From what I've read, the best thing to do in reguards to rocks is, before putting them in the tank, to take a knife or other sharp implement and to scratch the surface a bit then to pour a week acid on it. Vinegar is the most common one available (unless your a chem major or something fun like that). If it fizzes then it's not a good choice for your tanks (fish wise anyway...not sure on plants *shrug*).

As for the wood...if it's a store bought piece and you've had it in the tank for awhile I'd say it's good to go...personally I've collected all my pieces and boil/bake the smaller pieces to steralize then soak, soak, soak, in hot water before putting them in the tanks to release the tannins (and make it sink faster :wink: ).
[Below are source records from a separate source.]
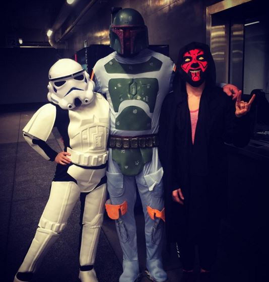 Ronda Rousey got caught up in all the Star Wars excitement last night. Rousey not only attended the midnight premiere but dressed up as a stormtropper. Ronda wasn’t alone in costume as she was joined by BF Travis Browne and Marina Shafir.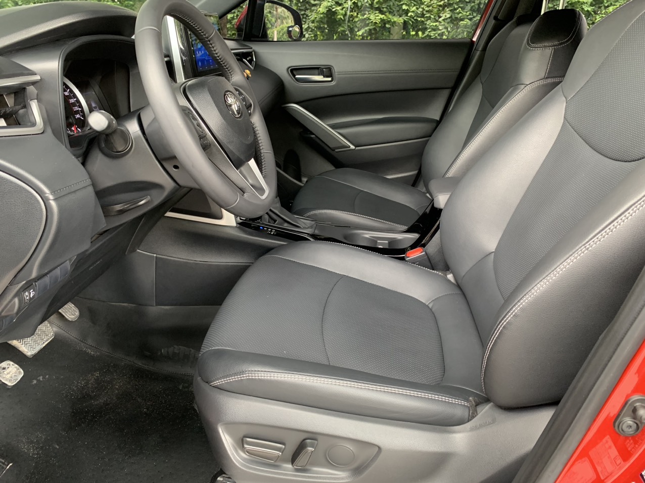 Cả ba phiên bản của Corolla Cross đều được trang bị ghế bọc da vô cùng sang trọng. Hàng ghế bên trên được thiết kế ôm hơn, tăng thêm sự thoải mái cho người lái và hành khách. Ghế lái có thể chỉnh điện 8 hướng, ghế hành khách phía trước thì chỉnh cơ 4 hướng.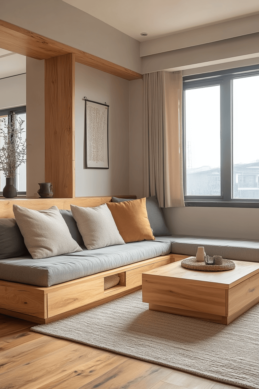 A Scandinavian Japanese interior reading nook is the perfect escape for book lovers who crave quiet beauty. Floor cushions, soft lighting, and smooth wooden accents foster pure relaxation. Minimal shelving keeps the space uncluttered, highlighting the calm atmosphere. Every corner radiates serenity and warmth, making it ideal for peaceful afternoons.

I have still noticed some lovely fluffy white growth on a few pieces but have been told that is natural especially when it's a collected piecs. The latest addition is to (dare I say it on this board) an as of now unplanted tank, it's been in for two weeks (still floating :roll: after bleach and 3 days hot water :roll. So far it's still pretty clean as to "growths" but they may still pop up, although I hope they don't as this is one of the tanks I take care of for the office ([-o<).

Not super helpful...but just some experiences...

^_^


----------



## able_ranui (Feb 26, 2004)

Ok, if it fizzes it is bad because it leaches....what? I haven't tested this rock, but it has been 2 days and the guppies are still fine.


----------



## Gomer (Feb 2, 2004)

Ok..you ask for advice, and you challenge it? I mean...By saying that the guppies are still ok, you are seeing if you can get away with it. Don't get you...or I missunderstood  You really should test the rock before it potentially messes with your tank chemistry.
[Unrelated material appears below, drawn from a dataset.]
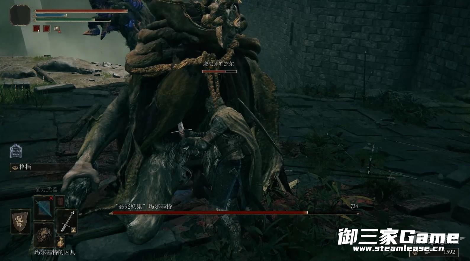 先让魔法师罗杰尔吸引恶兆的注意力,你在背后可愉快偷袭。“玛尔基特的囚具”可以把恶兆按在地上揍,不过在一次战斗中只能用两次,抓紧机会都先用了。

Fizzing rocks with acid is an indicator of a carbonate type rock. This rock will dump carbonates into your water (KH will shoot up). If you are doing a planted tank, this is not what you want. Certain fish also won't appreciate it. Not sure about guppies though.


----------



## able_ranui (Feb 26, 2004)

No, I was testing it with the feeder guppies. I had never heard of testing with vinegar before. It is in a five gallon tank with 3 feeders from my crayfish tank. I thought that would a good way to test it if it was safe. I've tested driftwood that way before if I really didn't know what kind of wood it was. I've lost a fish yet. I guess I should find out what the KH of my tanks, our tap(well water) and the test tank is at and test everyday to see what the change is.
When you test it with vinegar and it fizzes, does it fizz like crazy or to you have to stare at it forever to see if it fizzes a few bubbles at a time?


----------



## cS (Jan 27, 2004)

Does the rock(s) fail any of Roger Miller's five tests "to see if a rock might wreak havoc with your water supply or do something else rude, crude or aquatically unacceptable"?


----------



## Steve Pituch (Jan 25, 2004)

*muriatic acid*

Yes, I think Roger is right in using 10% hydrochloric acid (muriatic acid). This is commonly used to etch concrete and probably available at Home Depot. I think I've heard before that vinegar is not strong enough to really provide a reliable test.

Steve Pituch


----------



## able_ranui (Feb 26, 2004)

Well the only one that it doesn't pass is the fizzing one(I haven't done it). So hydrochloric acid 10%, well, maybe I try the vinegar first and if I have any doubt find some hydrochloric acid. 
I think it is a sedimentary rock of some sort because it has an imprint of a leaf on it. Anyone know what rocks usually have fossils in them and if they are safe?
I may just have to wait for spring and go collecting in the mountains near us for different rocks and more driftwood. I'll see if I can find slate or granite because I know those are safe.


----------



## Steve Pituch (Jan 25, 2004)

able_ranui,
You could post a picture of the rock, and we could give a guess as to what it is.

Steve


----------



## able_ranui (Feb 26, 2004)

Well, I've been looking at the rock closer and I think its maybe sandstone or something like that. I took some pictures of it with my cheapy digital camera, it was still damp, its got some reddish spots that aren't real visible, but it is mainly grey.


----------



## able_ranui (Feb 26, 2004)

Well, I tested it with vinegar in several spots and ONE spot fizzed. So I guess it is not aquarium friendly. I'll have to find another rock I guess.


----------



## Babelfish (Feb 25, 2004)

That was a great link cS, T'anks for posting that.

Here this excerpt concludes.